What kinds of texts are AI systems trained on? This artwork explores one unexpected source.
Sam Lavigne and Tega Brain, The Good Life, 2016 (screen capture). Website, public domain text, and mail server. Courtesy the artists
Machine learning is widely used in contemporary digital culture, for tasks that range from the analysis of consumer habits to suggesting auto-replies on email threads. Before systems can analyze or generate new text, they must be given an existing body of text to study. Very often, the text they are given is the Enron email corpus.
At the beginning of the second Bush administration, the Enron Corporation was one of America’s largest companies, a darling of the stock market in the wake of the dot-com crash. Its growth was fueled by fraudulent accounting practices, and as its business ventures ran operating losses and fueled rolling blackouts in California, its opaque earnings statements began to draw scrutiny.
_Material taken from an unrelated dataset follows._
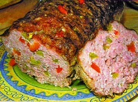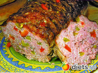 Перцы вымыть, очистить от семян и нарезать некрупными кубиками. Лук очистить и мелко нарезать. В миску выложить фарш, посолить и перчить по вкусу. Добавить укроп, яйца, сливки, нарезанный лук, манку и хорошо вымешать. В фарш замешать нарезанный сладкий перец. Выложить массу в прямоугольную форму. Поставить в предварительно разогретую духовку и запекать при температуре 200 °С в течение 50 мин (или до готовности).
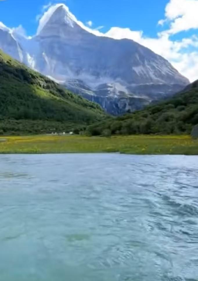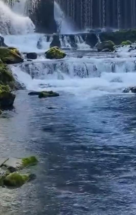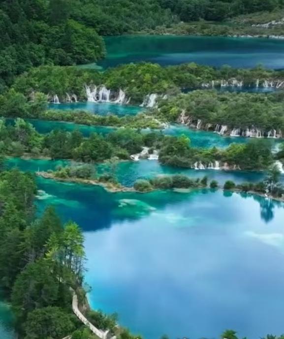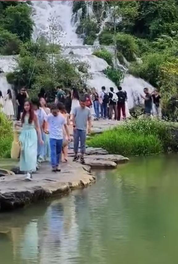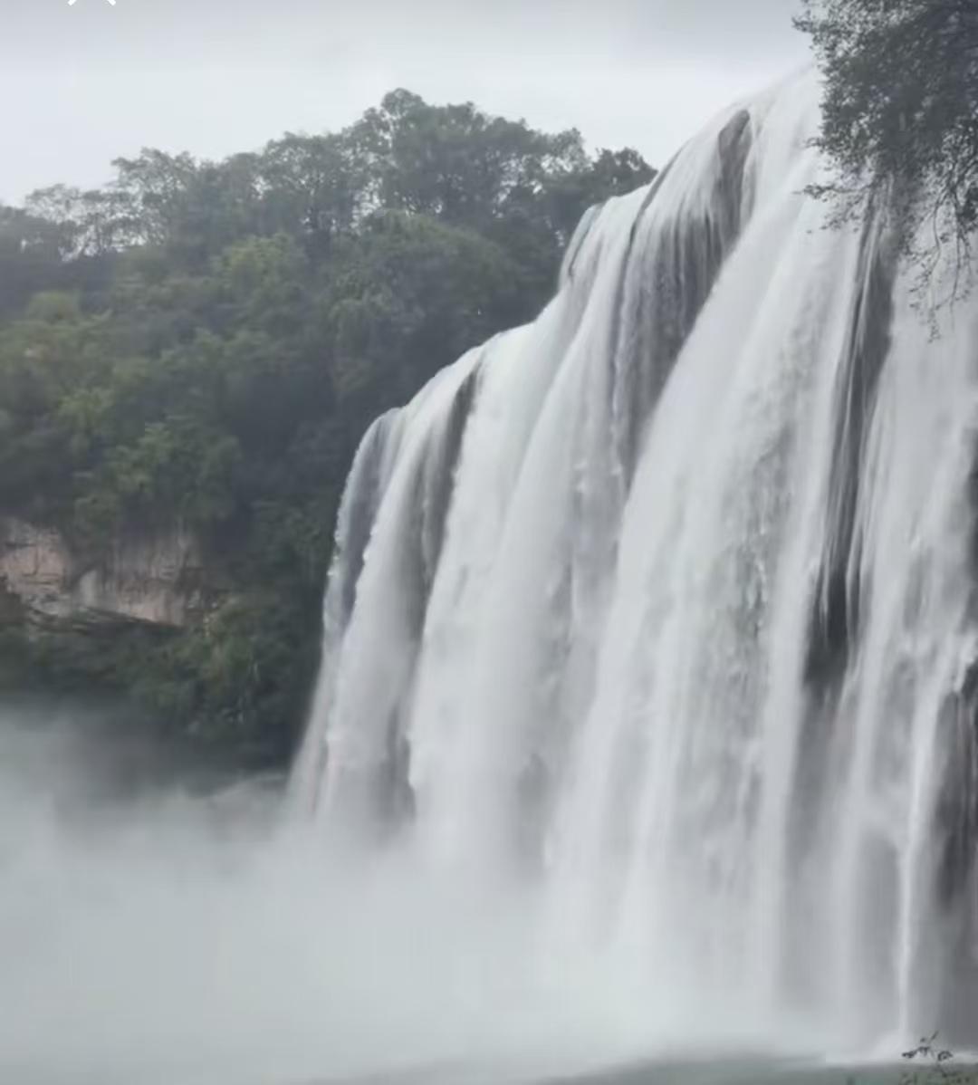 瀑布流水湖泊,景色很美,就像財源一樣滾滾而來。

At the start of 2001, Enron was trading for $83 a share; by the end of the year, the share price was just sixty cents, and the company was under investigation and had filed for bankruptcy. Thousands of people lost their jobs and savings.
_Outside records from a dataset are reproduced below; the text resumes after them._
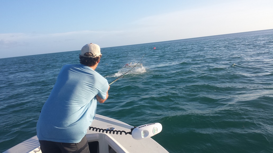 Well I had the day off from tarpon fishing yesterday. My anglers wanted to go in the back and pull on big stuff, mud marlin and sharks. We did just that and were tight on a half dozen mudsters and another half dozen big lemons all day long. I was itching to be tarpon fishing though I heard it was going off around town that day and this morning too, but I had this morning off to take care of an oil change and routine maintenance. You also need to take a morning off here and there it’s nice not to be up at 5 AM! But we got back on it tonight and fishing was good. I had Bill from NJ out who had fished here before and was looking to land a nice tarpon. We had to look around a bit at first I tried some areas that were reportedly good this afternoon with the last of the incoming tide but the fish moved out when the tide changed I guess. We found them eventually though and the action was hot when we got there! We caught 3 out of probably 8 solid bites and several other cheap shots which was very exciting, I don’t think we went more than 5 minutes without a fish behind the boat going crazy. All on live mullet. One nice 100+ lber that we leadered but he got away before we could get him up for a boatside pic, but the others were a bit easier to handle. Fun night, looks like a front coming in tomorrow but not going to get real cold but may slow the bite down a little. Maybe it will put off all the weekend warriors!
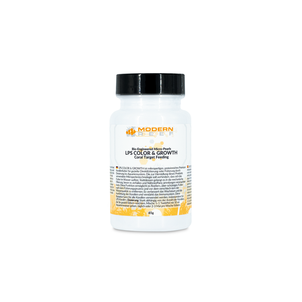 LPS COLOR & GROWTH is micro-pearl, high-protein coral food for target direct or broadcast feeding. The micro-pearl technology used to create this product is designed to prevent the food from diluting into the water. Instead, it travels into the mechanical filtration before it can break down and cause nutrient accumulations. This feature allows reefers to remove excess foods after the feeding process, before declining water quality. It improves the growth and coloration of corals and promotes a better immune system. This formula can be used for all corals, particularly for LPS corals.
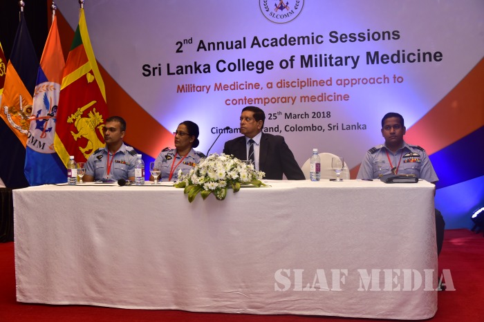 The second Annual Academic Session- 2018 of the Sri Lanka College of Military Medicine (SLCOMM) was inaugurated at the Cinnamon Grand Hotel in Colombo on 23rd of March 2018. The event was graced by the Presidential Secretary, Mr. Austin Fernando. The Secretary to the Ministry of Defence Mr. Kapila Waidyaratne PC attended the event as a special guest.
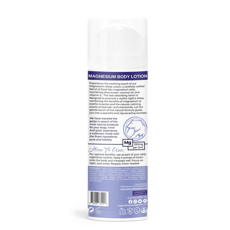 - Ultimate Nighttime Relaxation: Experience the soothing benefits of our Natural Elephant Dead Sea Magnesium Nighttime Body Lotion, infused with lavender and chamomile essential oils. These natural botanicals work together to create a calming atmosphere for a restful night’s sleep.

In March 2003, the Federal Energy Regulatory Commission released Enron’s emails into the public domain as a part of the evidence of the company’s crimes. It was the first time an archive of emails of its size had ever been made public, and the archive remains one of the largest freely available. As a result, this record of the online communications of the participants in a fraud of historic proportions has proven unexpectedly useful long after the court cases closed. Social scientists and linguists pore over it to draw conclusions about the use of language in the American workplace, as recently described in the New Yorker:
“Only six per cent of the e-mails she examined had any greeting at all; most began in medias res. The employees most likely to use a friendly greeting were women not in positions of authority, followed by men in subservient positions. Powerful men were the most likely just to open an e-mail window and start typing. In some cases, an e-mail would simply be addressed ‘Guys.’”
Alongside this interest from researchers, countless machine learning systems have been trained on the Enron emails—and then go on to reproduce the patterns and biases found in them. As artists Sam Lavigne and Tega Brain note, “This dataset, which was generated by a group of mostly white male corporate criminals, is therefore in our lives in ways we don’t understand and haven’t fully considered.”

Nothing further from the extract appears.